A Victorian court has granted permission for a 12-year-old child to be prescribed treatment to block the onset of puberty, despite a hospital raising concerns that the father had not been consulted, and pointing to “ongoing uncertainty” about approvals for the treatment of children with gender dysphoria.
Judge Melinda Richards last week ruled that the mother’s consent alone is enough to allow the hospital to prescribe puberty blockers to the biologically male child, who first presented as a girl aged seven when she told her mother she was “no longer her son, she was her daughter”.
The child’s mother is supportive of the child taking puberty blockers, but the hospital raised concerns with the Victorian Supreme Court over whether they could do so without the father’s consent.
The court heard the father had not been involved in the child’s life since she was one year old. Around that time, the mother took out a family violence intervention order against the father for a one-year period.
The case comes as the Family Court continues to grapple with the complexities of gender identity, especially in the context of children, medication and surgery.

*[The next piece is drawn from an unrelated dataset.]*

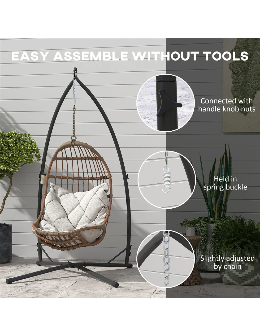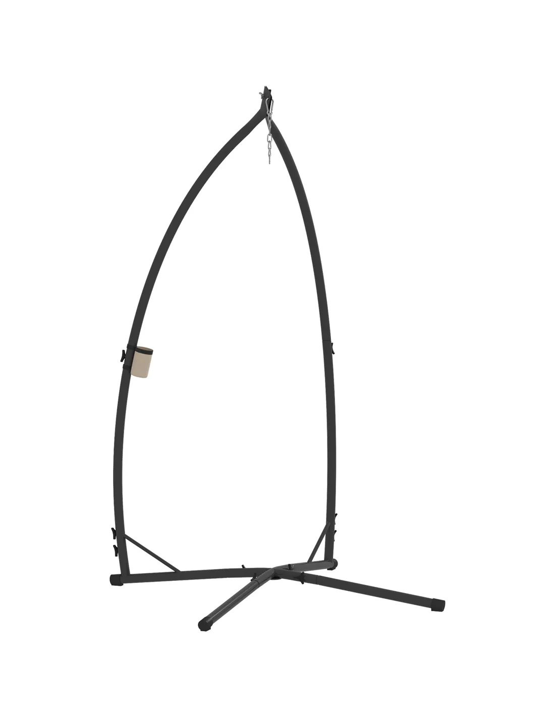 Thanks to this Outsunny hammock swing stand, you can hang and relax practically anywhere you want. The powder coated steel frame make the egg chair stand strong, paired with the spring buckle attachment to hold the chair securely in place and a steel chain for slight height adjustment. The hanging basket stand is supported by long legs and corner brackets for balance and stability. Complete with a handy cup holder for convenience.

The Australian has been following a complex matter in the Federal Circuit and Family Court in which the parents differ on whether their eldest child should be prescribed with cross-sex hormones.

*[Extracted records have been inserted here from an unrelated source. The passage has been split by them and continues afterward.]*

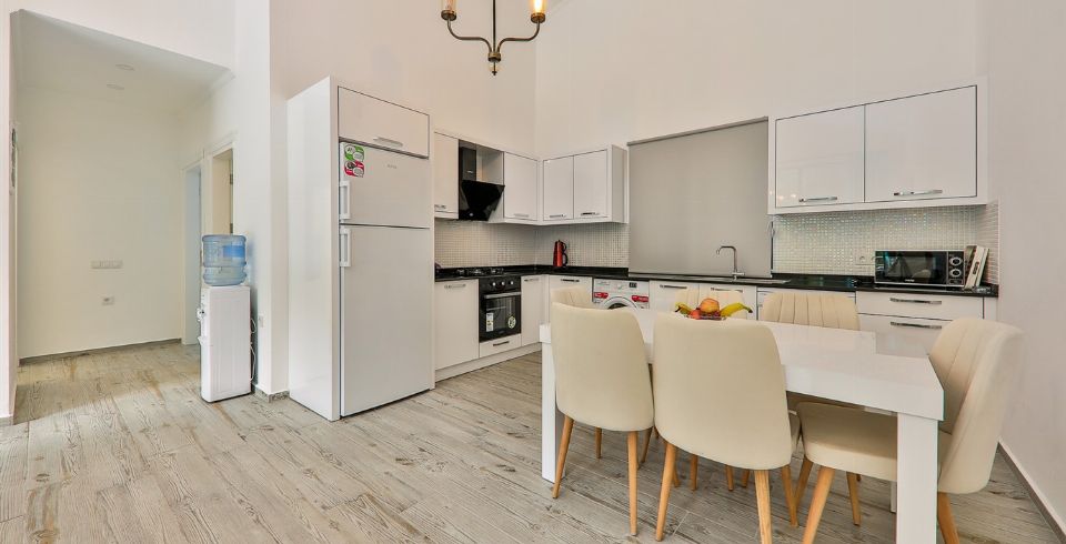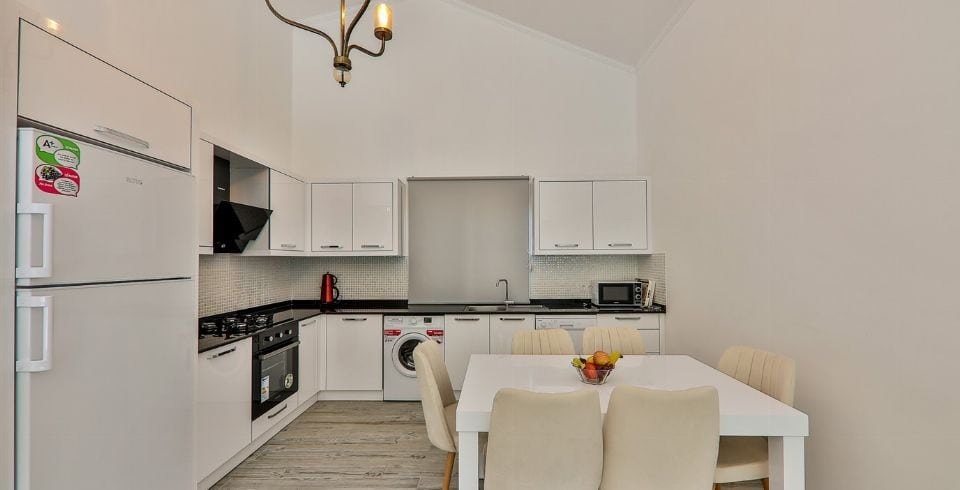 Mutfak : Villamızın geniş Amerikan mutfağı ile sizlere kendi evinizin mutfağı gibi hissettirecek. Ayrıca mutfakta klima, bulaşık makinası, buzdolabı, çamaşır makinası, mikrodalga fırın, tost makinası, ekmek kızartma, su ısıtıcısı, fırın, 4`lü ocak seti ve 6 kişilik geniş yemek masası ile tava tencere vb. mutfak araç gereçlerini kullanma fırsatını sizlere sunuyoruz.
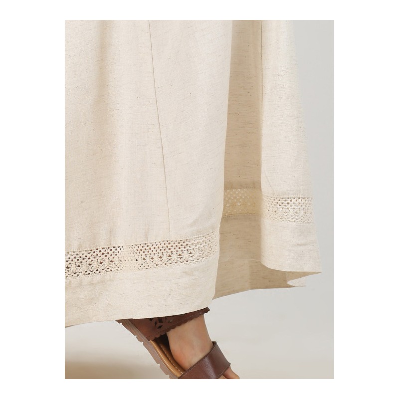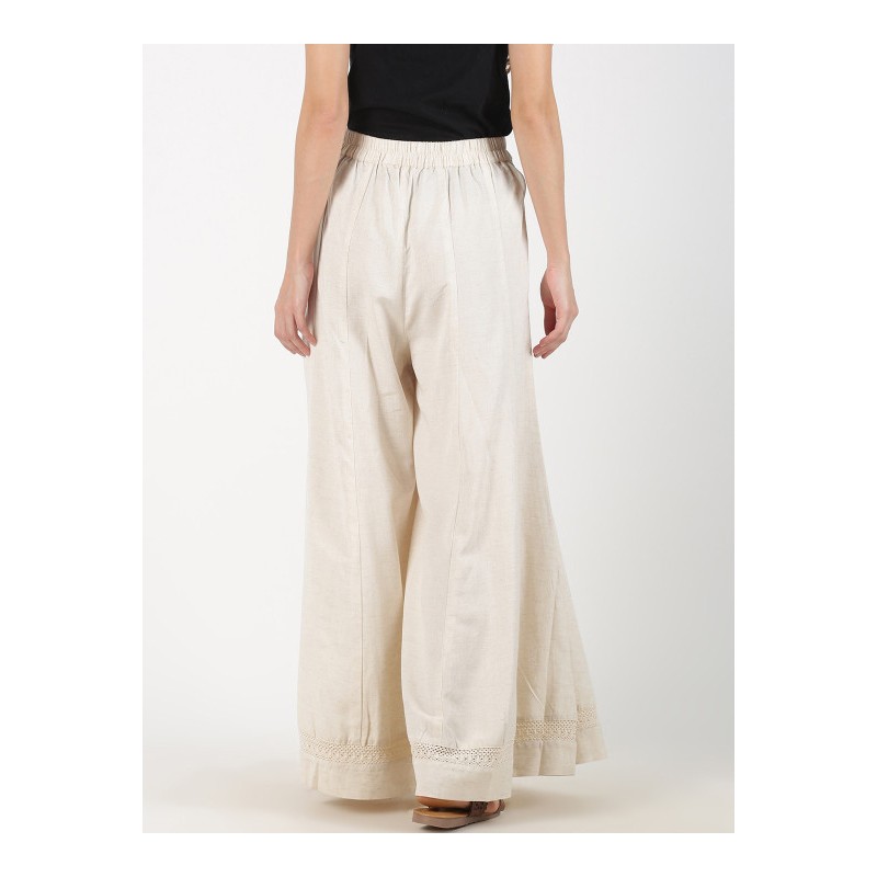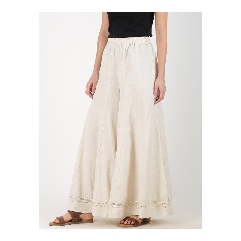 Индийские брюки палаццо очень широкие кремовые с кружевными вставками на штанинах внизу. На поясе резинка.
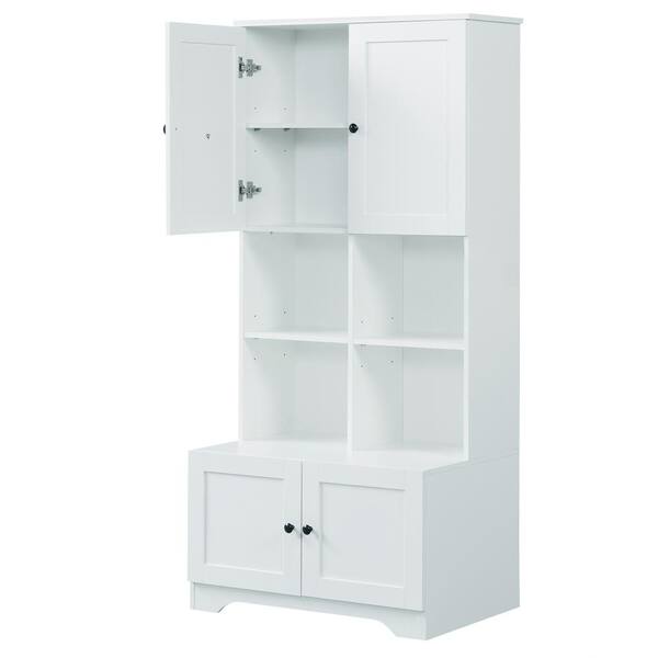 31 in. W x 21 in. D x 67 in. H White Bathroom Storage Cabinet with 4 Doors, Adjustable Shelves

In a separate matter, a judge determined a father’s refusal to conform with traditional gender norms left his three children “confused” and encouraged them to “question their gender identity” after they all began identifying as non-binary, ruling the two youngest children would not be permitted to see their father for an extended period.
In another case, the mother of a 13-year-old with gender dysphoria abruptly withdrew an application seeking a Family Court order to allow the child to take puberty blockers after trying to have the independent children’s lawyer assigned to the matter thrown off the case.
All Family Court judges were last year presented with a legal paper from a top barrister arguing the court must reassess how scientific advancements should apply to the family law system.